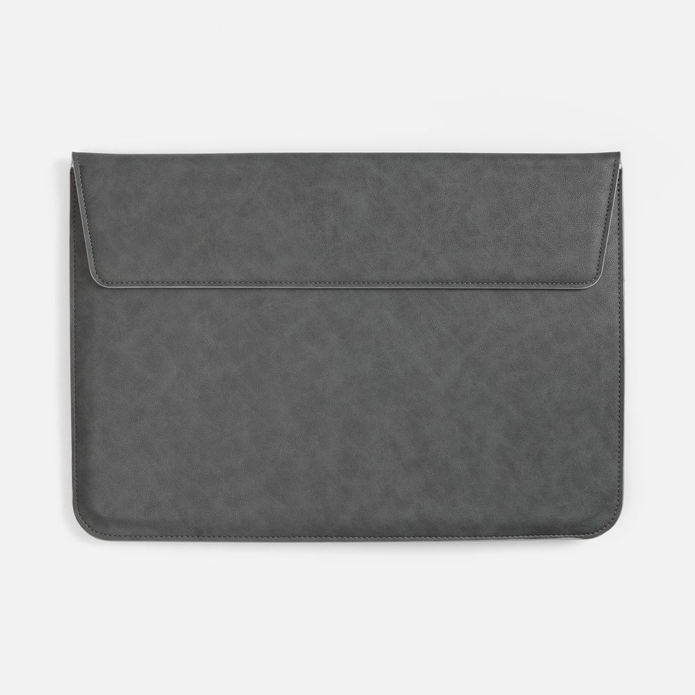 Чехол для ноутбука с диагональю до 15,6" выполнен из материала Petrus, серого, дополнен окрашенным срезом края серого цвета.
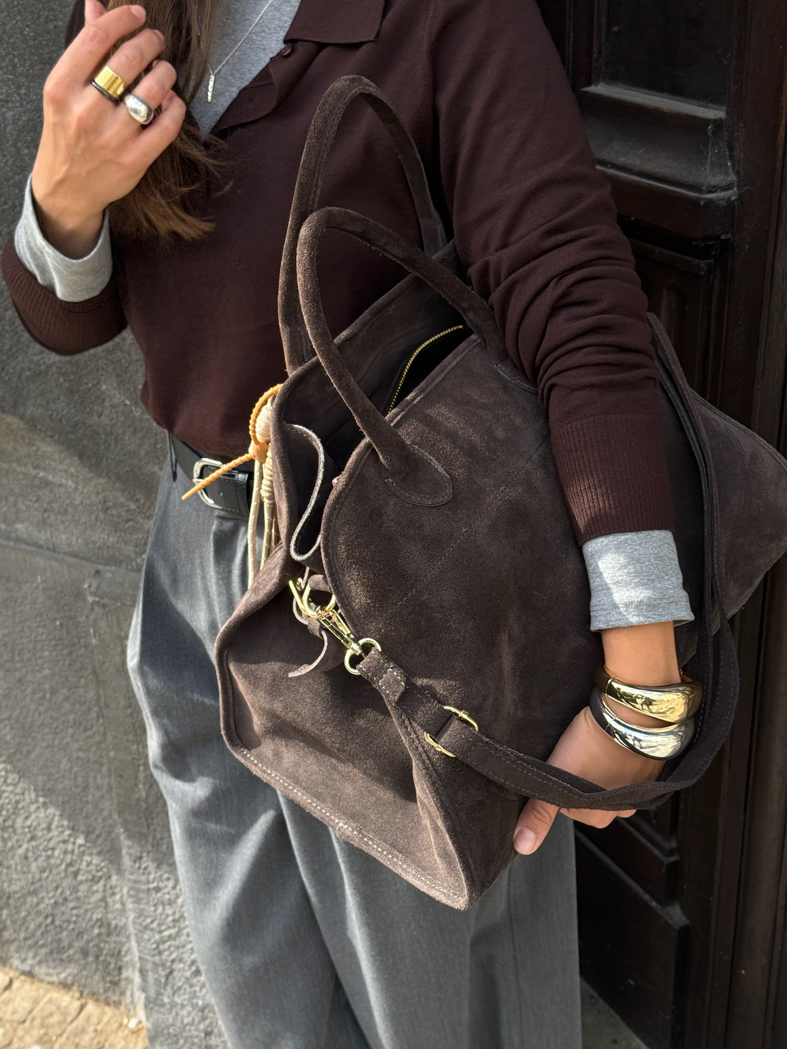 Tato elegantní kabelka je vyrobena v Itálii z kvalitní semišové kůže, která dodává jemný a luxusní vzhled. Spodní část je z klasické pevné kůže a opatřena ochrannými nožičkami...
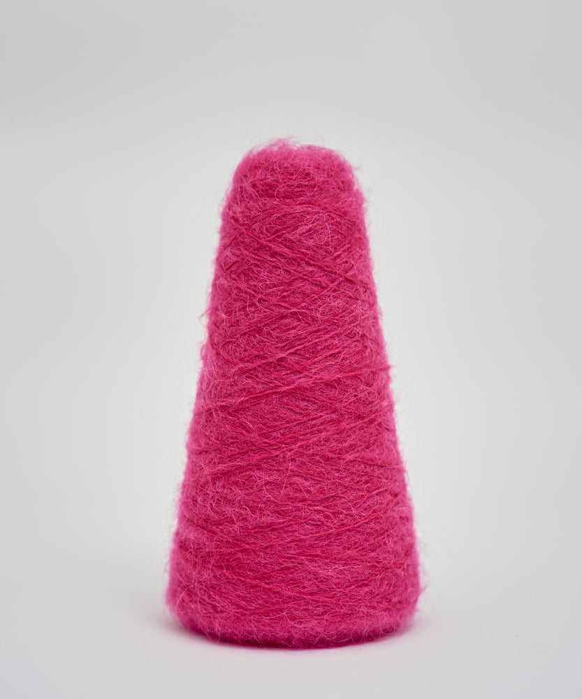 南アフリカのキッドモヘアと、ペルーのアルパカと、オーストラリアのウールを合わせたふっくらとした風合いのリッチな糸です。起毛加工することで毛足感が生まれ、保温性が高く軽く、柔らかな風合いに仕上げました。ニットが重くて苦手なイメージの方にもお勧めです。化学繊維を使わずに細部までこだわってお作りした糸は、セーターやカーディガンなどのウェアにもお勧めです。

====================

→ Your goal
Leaving every picture out, repeat each line of the material exactly.

→ Result of the task
 Чехол для ноутбука с диагональю до 15,6" выполнен из материала Petrus, серого, дополнен окрашенным срезом края серого цвета.
 Tato elegantní kabelka je vyrobena v Itálii z kvalitní semišové kůže, která dodává jemný a luxusní vzhled. Spodní část je z klasické pevné kůže a opatřena ochrannými nožičkami...
 南アフリカのキッドモヘアと、ペルーのアルパカと、オーストラリアのウールを合わせたふっくらとした風合いのリッチな糸です。起毛加工することで毛足感が生まれ、保温性が高く軽く、柔らかな風合いに仕上げました。ニットが重くて苦手なイメージの方にもお勧めです。化学繊維を使わずに細部までこだわってお作りした糸は、セーターやカーディガンなどのウェアにもお勧めです。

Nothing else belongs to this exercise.